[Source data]
● ● ●
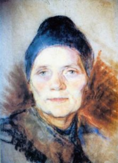
Farbstift-Zeichnung aus der Mutter /27,5×38,5, Pastell, Papier/
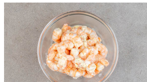
5. Garnelen zubereiten

Die Brötchen halbieren und mit der Schnittseite nach oben auf einem Backblech in 3-4Min. knusprig aufbacken.
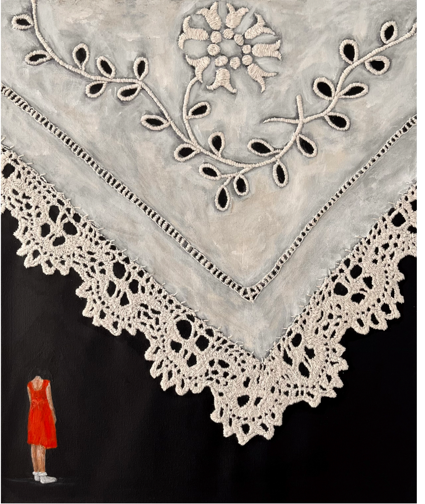
beni harika bir hayat bekliyor 50x60cm tuval üzeri akrilik ve iğne işi nakış 2024
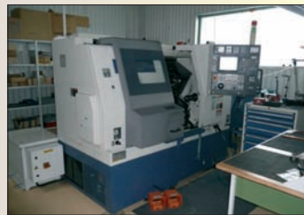
Tour CNC MORI SEIKI SL 150 Fanuc 18I Dia 280 x 500 - TBE
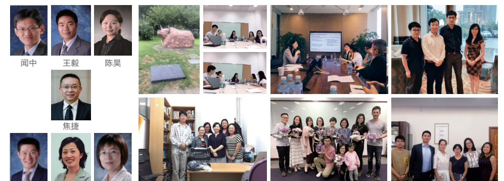
项目指导老师 实践项目回顾

整合实践项目(Integrated Practical Projects,简称 IPP),始于 2009 年,是清华 MBA 师生团队(3-6 人)为企业管理问题提供诊断与咨询方案的实践学习项目。作为新版 MBA 课程体系中的“体验式学习”的重要模块，整合实践项目要求学生在教师的指导下，以团队的方式演练真实项目，深入企业进行实地调研，完成课程报告，在课程汇报时接受教师和企业管理层的评价。目前，整合实践项目有《信息时代的管理创新》、《商业计划的设计与开发》、《战略》、《营销规划》、《组织行为与人力资源管理》、《金融咨询》等方向。合作企业中既有中国电信、中国南车、首都机场、中冶海外等大型国企，也有英国电信、正大集团、合益集团等知名的国际企业，有探路者、立信集团、搜房网等快速发展的民营企业，也有格蕾丝儿童基金会、慈济之家等公益组织。清华整合实践项目已经成功举办 9 年，有 1247 名学生参加，涉及近 203 家企业的 314 个项目，提供的咨询方案得到企业的一致好评。
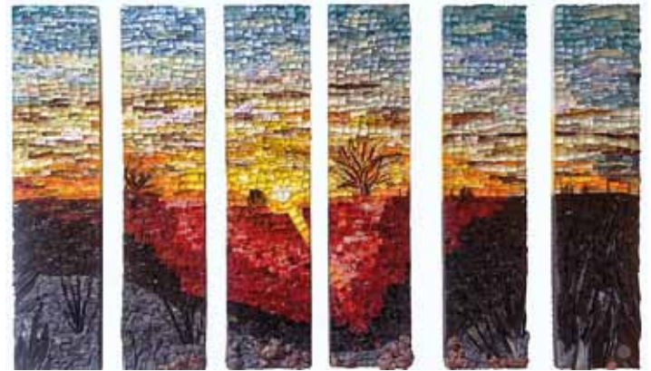
Sur la route. Chrystèle Albertini
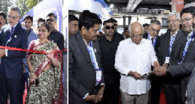
મુખ્યમંત્રીશ્રીએ ઉમેર્યું કે, ઉદ્યોગોને આત્મનિર્ભર બનાવવાનો મેકેક ઈન ઈન્ડિયા મેકેક ફોર યુ વર્લ્ડનો વડાપ્રધાનશ્રીએ જે થ્યે વખ્યાં છે તે ગુજરાત ટ્રીન ઓથ, ફિન્યુએબલ એનજી, ઈ.ટી. મોયુ, ફિન્યુએબલ, સુમિક્ક-ડક્ટર જેવા ઈમજીંગ સેક્ટરમાં લિડ લઈને સાકાર કરવા આ ગળ વધી રહ્યું છે. દેશના જી.ડી.પી.માં ગુજરાત ૮.૩ ટકા, ઈન્ડસ્ટ્રીયલ ઓઉટપુટમાં ૧૮ ટકા અને એક્સપોર્ટમાં ૩૧ ટકાનો ફાળો આ પે છે. વિકસિત ભારતના નિર્માણની સૂકલિ ક્ષમિ માટે અનિગ વેલ-લિવિંગ વેલના મંત્ર સાથે વિકસિત ગુજરાત જ ૨૦૪૦ રોડમપ તૈયાર કરનાર ગુજરાત દેશનું પહેલું રાજ્ય છે તેમ મુખ્યમંત્રીશ્રીએ ગુજરાતની વિવિધ
● ● ●
■ Problem details ■
All of the entries above are to be transcribed word for word, with no pictures included.

■ Answer section ■
Farbstift-Zeichnung aus der Mutter /27,5×38,5, Pastell, Papier/
5. Garnelen zubereiten

Die Brötchen halbieren und mit der Schnittseite nach oben auf einem Backblech in 3-4Min. knusprig aufbacken.
beni harika bir hayat bekliyor 50x60cm tuval üzeri akrilik ve iğne işi nakış 2024
Tour CNC MORI SEIKI SL 150 Fanuc 18I Dia 280 x 500 - TBE
项目指导老师 实践项目回顾

整合实践项目(Integrated Practical Projects,简称 IPP),始于 2009 年,是清华 MBA 师生团队(3-6 人)为企业管理问题提供诊断与咨询方案的实践学习项目。作为新版 MBA 课程体系中的“体验式学习”的重要模块，整合实践项目要求学生在教师的指导下，以团队的方式演练真实项目，深入企业进行实地调研，完成课程报告，在课程汇报时接受教师和企业管理层的评价。目前，整合实践项目有《信息时代的管理创新》、《商业计划的设计与开发》、《战略》、《营销规划》、《组织行为与人力资源管理》、《金融咨询》等方向。合作企业中既有中国电信、中国南车、首都机场、中冶海外等大型国企，也有英国电信、正大集团、合益集团等知名的国际企业，有探路者、立信集团、搜房网等快速发展的民营企业，也有格蕾丝儿童基金会、慈济之家等公益组织。清华整合实践项目已经成功举办 9 年，有 1247 名学生参加，涉及近 203 家企业的 314 个项目，提供的咨询方案得到企业的一致好评。
Sur la route. Chrystèle Albertini
મુખ્યમંત્રીશ્રીએ ઉમેર્યું કે, ઉદ્યોગોને આત્મનિર્ભર બનાવવાનો મેકેક ઈન ઈન્ડિયા મેકેક ફોર યુ વર્લ્ડનો વડાપ્રધાનશ્રીએ જે થ્યે વખ્યાં છે તે ગુજરાત ટ્રીન ઓથ, ફિન્યુએબલ એનજી, ઈ.ટી. મોયુ, ફિન્યુએબલ, સુમિક્ક-ડક્ટર જેવા ઈમજીંગ સેક્ટરમાં લિડ લઈને સાકાર કરવા આ ગળ વધી રહ્યું છે. દેશના જી.ડી.પી.માં ગુજરાત ૮.૩ ટકા, ઈન્ડસ્ટ્રીયલ ઓઉટપુટમાં ૧૮ ટકા અને એક્સપોર્ટમાં ૩૧ ટકાનો ફાળો આ પે છે. વિકસિત ભારતના નિર્માણની સૂકલિ ક્ષમિ માટે અનિગ વેલ-લિવિંગ વેલના મંત્ર સાથે વિકસિત ગુજરાત જ ૨૦૪૦ રોડમપ તૈયાર કરનાર ગુજરાત દેશનું પહેલું રાજ્ય છે તેમ મુખ્યમંત્રીશ્રીએ ગુજરાતની વિવિધ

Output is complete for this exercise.